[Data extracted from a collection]
◆ ◆ ◆ ◆ ◆

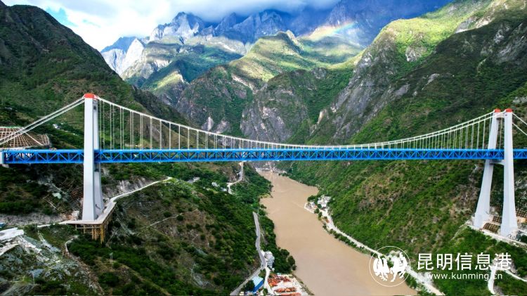 滇藏铁路金沙江特大桥一桥连两隧,一端是玉龙雪山隧道,另一端是哈巴雪山隧道,将云南省丽江市与迪庆州连通。龚建强/摄
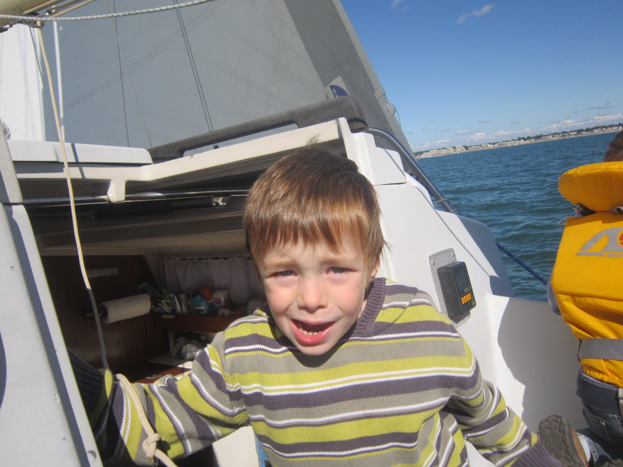 On nous annonce un tout petit 2 beauforts se renforçant à 3 dans l’après midi, on ne risque pas grand chose, mais on se demande quand même si on ne devrait pas accrocher les petits. Le départ est donc bien tranquille, et les petits s’étonnent de tout : pourquoi ça bouge ? pourquoi tu arrêtes le moteur ? pourquoi c’est un bateau à voiles ? pourquoi tu tournes ? pourquoi on va pas se baigner ? comment tu t’appelles ? tu t’appelles pépé ?…
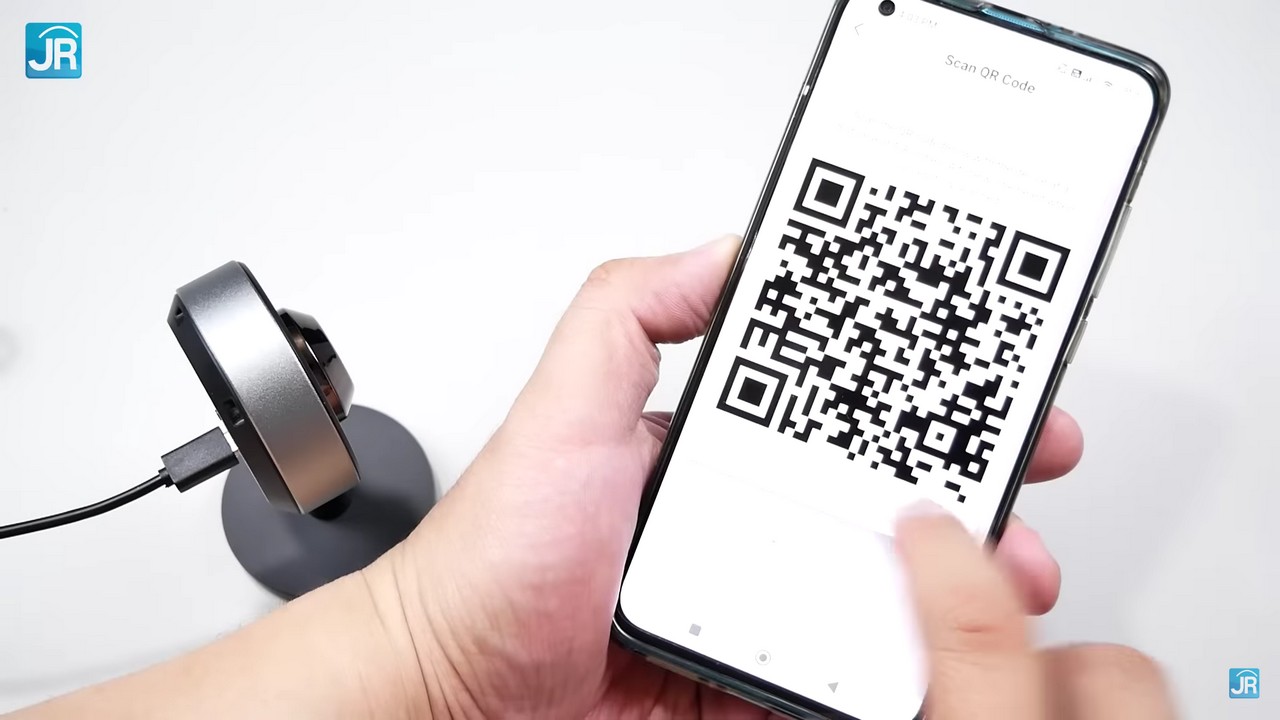 Setelah Wi-Fi dipilih dan password untuk Wi-Fi tersebut dimasukkan, aplikasi akan menampilkan QR Code. Kita akan diminta menunjukkan QR Code tersebut ke kamera.
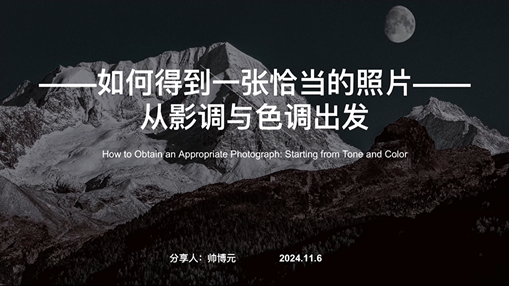 学生摄影学会第42届副会长帅博元同学带来了主题为“如何得到一张恰当的照片:从影调和色调中出发”的讲解。他介绍了什么是影调与色调、直方图的作用以及如何利用直方图得到一张恰当的照片,说明了如何在后期从色彩的角度调整照片,并通过案例讲解演示了用软件Lightroom对照片进行美化的方法。帅博元同学表示,对于一张照片,其影调是基础,我们应先求得正确的影调,后调整色调。在非特殊情况下,照片的明暗应当均匀,以达到舒适的观感,并且我们可以在后期通过调整色调、色温和色相,使图片文件中的色彩数码信息按照我们想要的方式映射成真实的色彩。
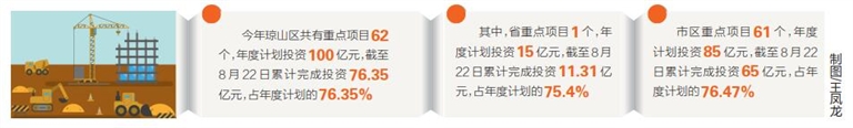 龙昆悦城项目1、2号楼主体已封顶,3号楼正在加快建设;润龙花园项目3栋29层住宅楼已封顶;海南科技职业学院本科校区建设项目,图书馆建设已完工;世界华人华侨交流中心项目,会议中心、宴会厅、会议博览中心主体全部完工;红旗椰海润景项目1号楼、2号楼、综合楼已完工……据了解,今年来,琼山区委、区政府主动适应经济发展新常态,紧紧牵住项目投资“牛鼻子”,千方百计推动项目建设,加快经济发展。
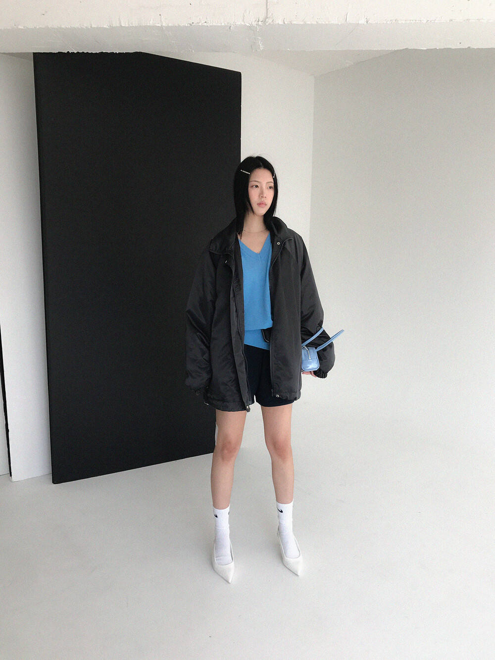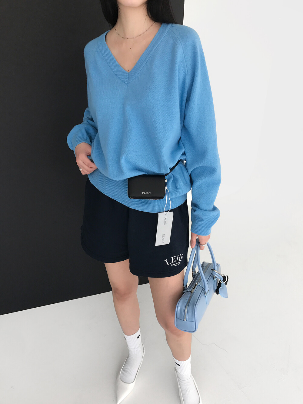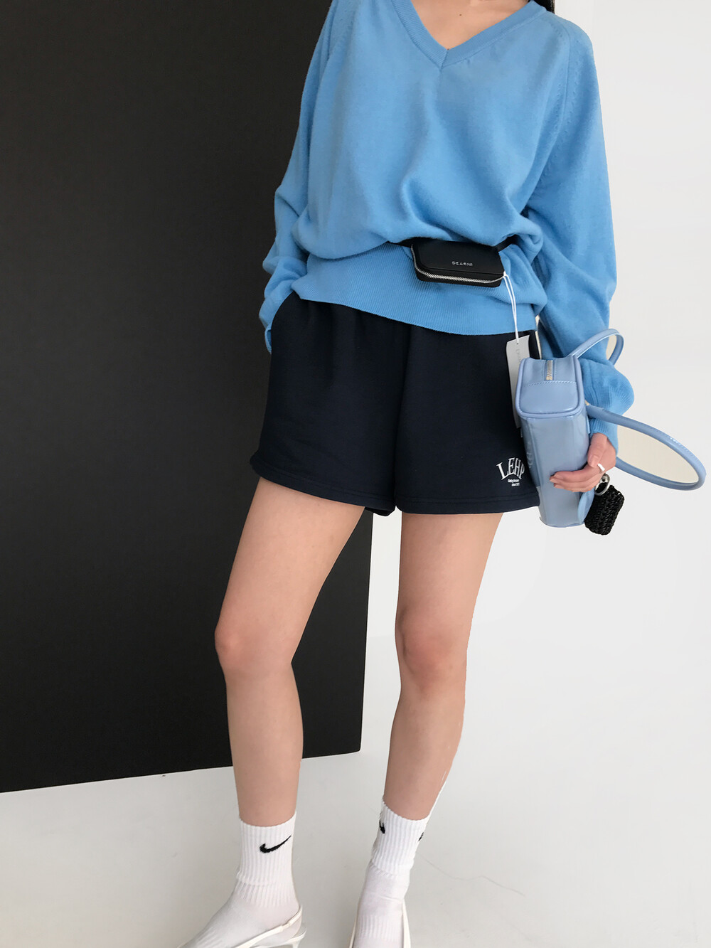 - 크롭한 기장의 쇼츠 디자인으로 다양한 탑과 스타일링하여
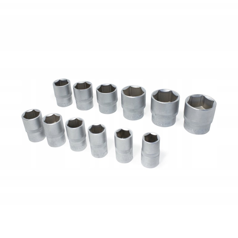 - Steckschlüsseleinsätze 1/2": 18 Stück (Größen: 10–32 mm)
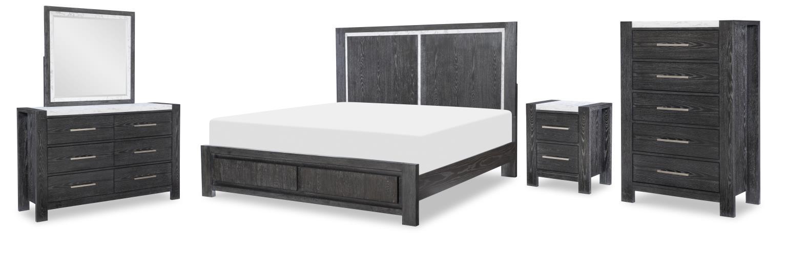 Casual elegance meets refined detail with the 5031 Horizons bedroom. The rich Espresso finish highlights the transitional appeal of oak veneer and select hardwood solids,, while modern design elements lend a fresh,, elevated touch to the bedroom. Marble laminate tops on the cases provide a cool contrast to the deep wood tones. Brushed nickel hardware pops against the dark finish. The panel headboard and dresser mirror feature marble laminate accents,, adding visual interest and tying into the case design. Designed with thoughtful craftsmanship,, drawers are built with French dovetail construction and ball bearing metal side glides,, offering smooth,, quiet function and quality. The bed is offered in twin,, full,, queen and king sizes.
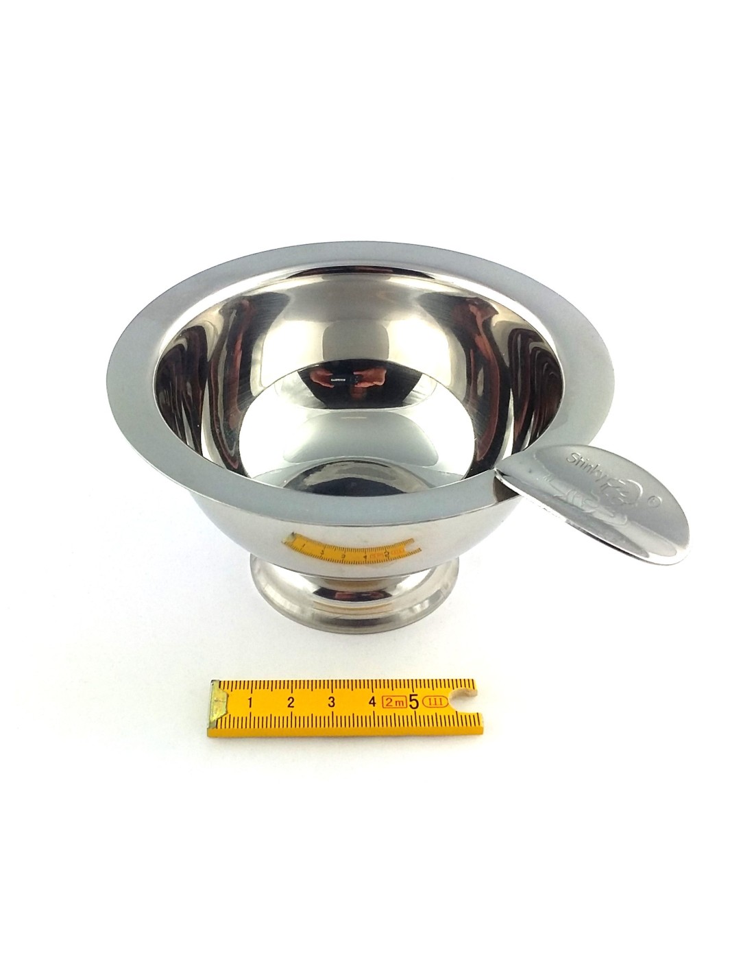 Cendrier cigare STINKY "égoïste" en métal chromé brillant suffisamment profond pour éviter les cendres de s'envoler au moindre coup de vent, un étrier porte cigare,
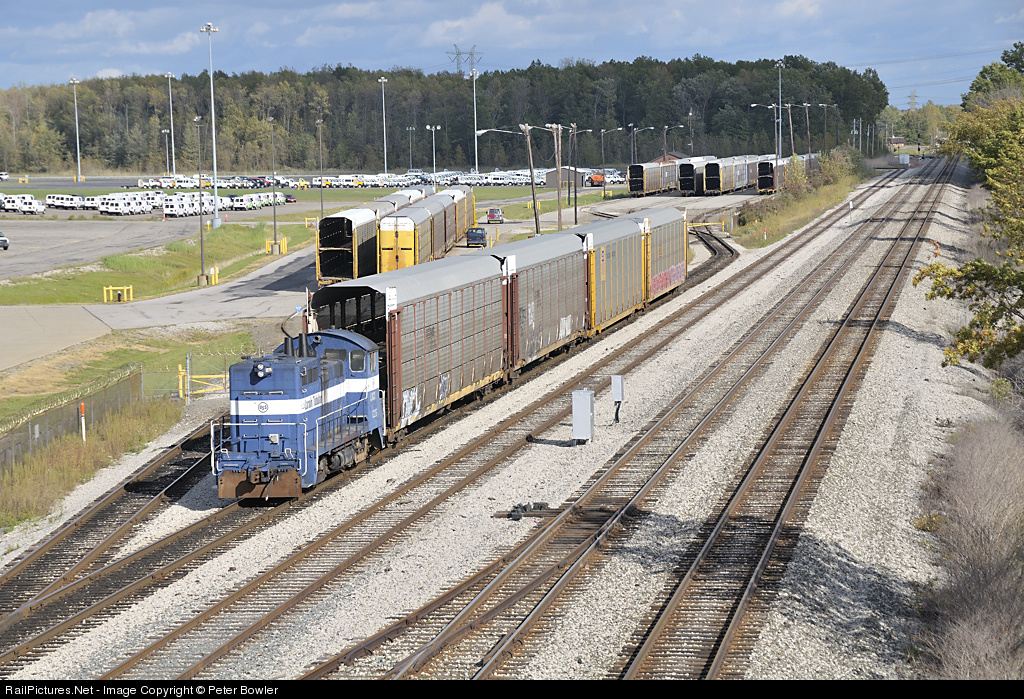 Commerce re-starts; inventory of Ford vans is building after months of inactivity. Auto racks at the plant are rolling, and Ford blue is pulling them (actually ex-US Steel switcher #1225 that Ford picked up in Lorain from Kobe Steel, the former US Steel plant there). Note the extensive modifications to this old switcher.
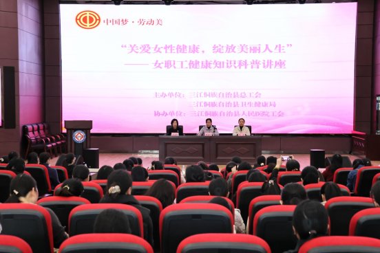 3 月 12 日,三江侗族自治县总工会联合县卫健局,在县人民医院三楼报告厅举办 2026 年女职工健康知识科普公益讲座,全县各机关、企事业工会女职工代表参加活动。
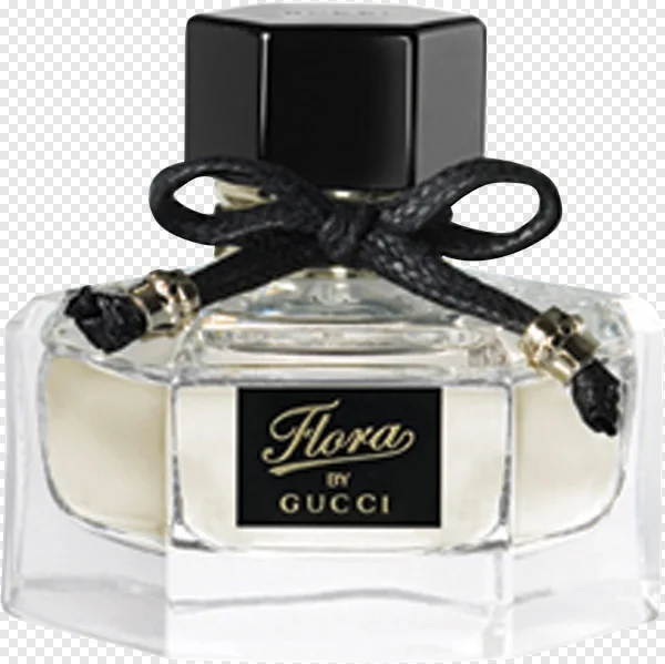 Download a high-quality, free PNG of the iconic Flora by Gucci perfume bottle, perfect for your design projects. This elegant image features the clear glass bottle, a sophisticated black hexagonal cap, and the signature black leather-like bow with delicate gold accents. With its transparent background, this luxury women's fragrance image is ready for immediate use in marketing materials, blogs, or personal creations. Get this classic and beautiful product shot for your visual content today!

◆ ◆ ◆ ◆ ◆

WHAT YOU SHOULD DO: Copy the lines above exactly, starting at the one with "学生摄影学会第42届副会长帅" and ending at the one with "(Größen: 10–32 mm)", both included. Leave out any pictures and add nothing else.

WRITTEN RESPONSE:
 学生摄影学会第42届副会长帅博元同学带来了主题为“如何得到一张恰当的照片:从影调和色调中出发”的讲解。他介绍了什么是影调与色调、直方图的作用以及如何利用直方图得到一张恰当的照片,说明了如何在后期从色彩的角度调整照片,并通过案例讲解演示了用软件Lightroom对照片进行美化的方法。帅博元同学表示,对于一张照片,其影调是基础,我们应先求得正确的影调,后调整色调。在非特殊情况下,照片的明暗应当均匀,以达到舒适的观感,并且我们可以在后期通过调整色调、色温和色相,使图片文件中的色彩数码信息按照我们想要的方式映射成真实的色彩。
 龙昆悦城项目1、2号楼主体已封顶,3号楼正在加快建设;润龙花园项目3栋29层住宅楼已封顶;海南科技职业学院本科校区建设项目,图书馆建设已完工;世界华人华侨交流中心项目,会议中心、宴会厅、会议博览中心主体全部完工;红旗椰海润景项目1号楼、2号楼、综合楼已完工……据了解,今年来,琼山区委、区政府主动适应经济发展新常态,紧紧牵住项目投资“牛鼻子”,千方百计推动项目建设,加快经济发展。
 - 크롭한 기장의 쇼츠 디자인으로 다양한 탑과 스타일링하여
 - Steckschlüsseleinsätze 1/2": 18 Stück (Größen: 10–32 mm)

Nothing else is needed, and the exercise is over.